Omitted Income and Shortfall Penalties – What You Need to Know

Learn about Inland Revenue’s recent decision on omitted income and GST shortfalls, and what it means for property developers and businesses.

8/21/20251 min read

A recent Inland Revenue adjudication (TDS 25/21) has highlighted the serious consequences of failing to properly return GST when property or other business assets are sold.

The case in brief

  • A partnership purchased a property for development and claimed GST input tax credits.

  • Later, the property was sold in two parts: one half to an associated company (B Ltd), and one half to one of the partners.

  • Inland Revenue’s audit found that GST output tax should have been returned at market value, since the sales were to associated parties and were not zero-rated.

  • The taxpayer argued the transactions were zero-rated, but provided no evidence to support this.

The decision

The Tax Counsel Office (TCO) decided that:

  • GST output tax was payable on the first sale (a half share of the property) at market value.

  • The partnership’s GST registration should remain in place until all property sales were completed.

  • The taxpayer was liable for a shortfall penalty for gross carelessness.

Why the penalty?

The TCO concluded that the partners were experienced in business and should have known the GST consequences. By failing to document or evidence their position, they showed a high level of disregard for the risk of a tax shortfall.
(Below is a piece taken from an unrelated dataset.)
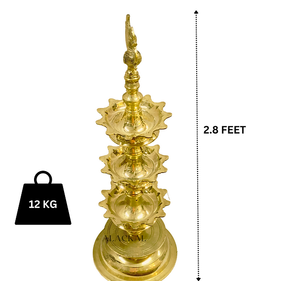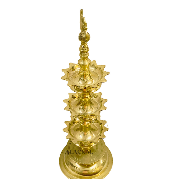 Peacock Feathers: In addition to the peacock head, the Deepasthambham might incorporate peacock feathers as part of the design.
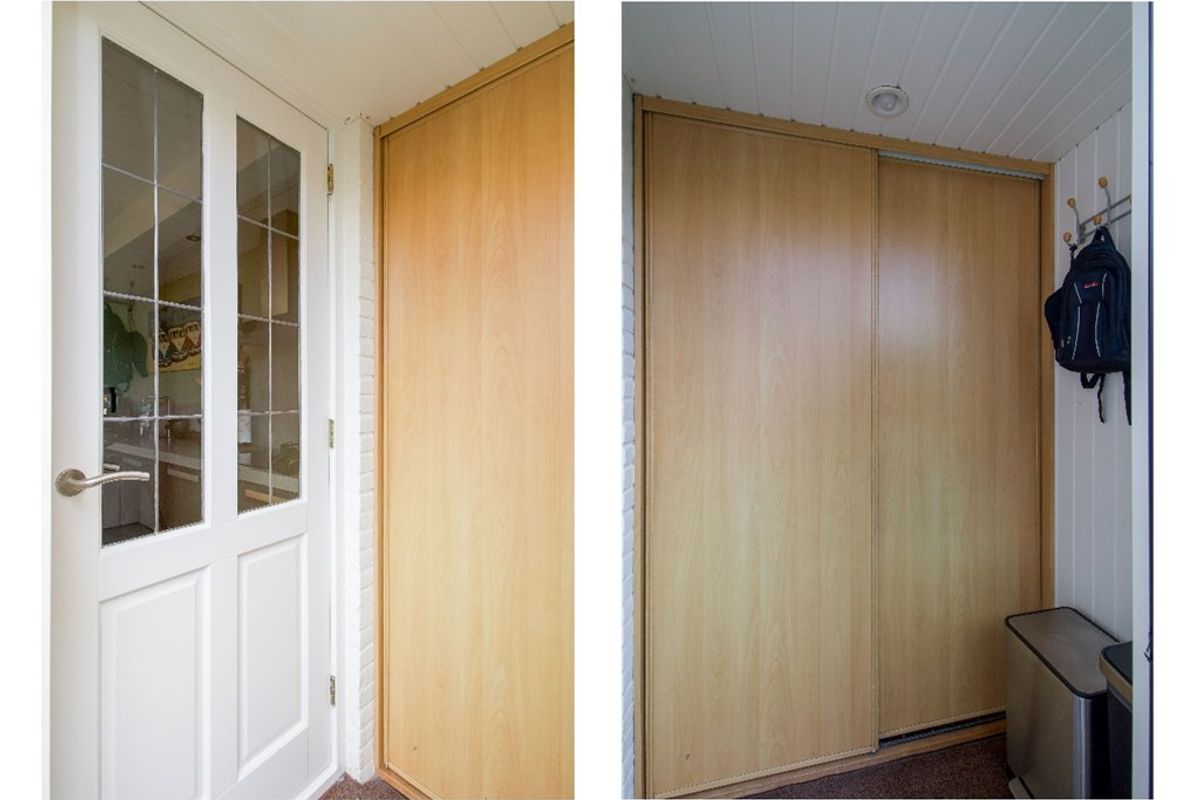 Via de entree betreed je de hal met meterkast, toiletruimte en toegang tot de woonkamer. Aan de voorzijde van de woning bevindt zich de ruime en lichte woonkamer. Vanuit hier loop je door naar de eetkamer en de open keuken, welke over de volledige breedte aan de achterzijde is gesitueerd. De keuken is voorzien van diverse inbouwapparatuur en biedt toegang tot de praktische bijkeuken met extra opbergruimte. Zowel vanuit de eetkamer als vanuit de bijkeuken zijn er deuren naar de achtertuin.

As a result, Inland Revenue imposed a 40% penalty for gross carelessness, reduced by 50% because of previous compliance behaviour.

Key takeaways for businesses and property developers

  • Associated party transactions must be valued at market value for GST purposes.

  • Zero-rating land transactions requires evidence – e.g. proof the purchaser is GST-registered and intends to use the land for taxable activity.

  • Always keep proper documentation (sale and purchase agreements, GST registration confirmations, correspondence).

  • A lack of evidence can lead not just to paying GST and interest, but also significant penalties.

Final thoughts

This case is a reminder that Inland Revenue places a high standard on taxpayers, particularly where property transactions and GST are involved. If you’re unsure about how GST applies, it’s far better to seek advice before filing, rather than risk penalties later.